The ICJ is known, as the World Court, a UN body for hearing
disputes between states and Gaza and or Palestine are NOT States under
international law.
1. Palestine/Gaza
does not meet the de facto requirements of statehood as it lacks independent
control over its population, territory, government, and foreign relations.
While it has some recognition and a degree of self-determination, it does not
achieve de jure statehood under international law.
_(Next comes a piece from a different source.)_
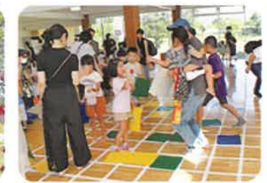
ますますジャンケン

For the ICC and ICJ to recognize Palestine/Gaza as a state/statehood prematurely it shall continue
to destabilize the region further.
2. For Gaza or
Palestine to meet the legal requirements for a state/statehood first a group i.e.
Hamas that is or has been designated as a terrorist organization, as a
legitimate government under international law, it must “unequivocally renounce
terrorism and cease all terrorist activities.” Hamas’s stated Mission is “Murder
Jews; “Obliteration” of Israel. “
3. Hamas and
the Palestinian Authority must both disarm, and demobilization of all armed
terrorist factions are crucial steps for even being legally considered for
statehood/state and further have demonstrated significant shifts in both the
group's behaviour and the perceptions of the international community.
4. Compliance
with International Law: The group must commit to and comply with international
humanitarian and human rights laws and not be a terrorist organization or
supporter of terrorism.
5. While the
PLO transitioned through peace processes, recognized Israel's right to exist,
and gained recognition as the representative of the Palestinian people under
Article 3 of the Draft United Nations Declaration on the Rights of Indigenous
Peoples defines self-determination as the right of an entity to “freely
determine their political status and freely pursue their economic, social and
cultural development. Nowhere is it stated that the right to self-determination
equals a right to statehood. Israel has
granted Palestine numerous powers in which it has obtained a great degree of
self-determination.
6. Palestine/Gaza
is an autonomous entity, not a state.
7. The UN
considers Palestine an international organization rather than a state. States may individually recognize Palestine,
but the international community as a whole does not recognize Palestine as a
state. Therefore, Palestine is not a
state by de jure standards as well.
8. A state must
have the ability to engage in diplomatic and foreign relations with other
states. The DOP Article XI creates an Israeli-Palestinian Economic Cooperation
Committee to promote the development of the West Bank and the Gaza Strip.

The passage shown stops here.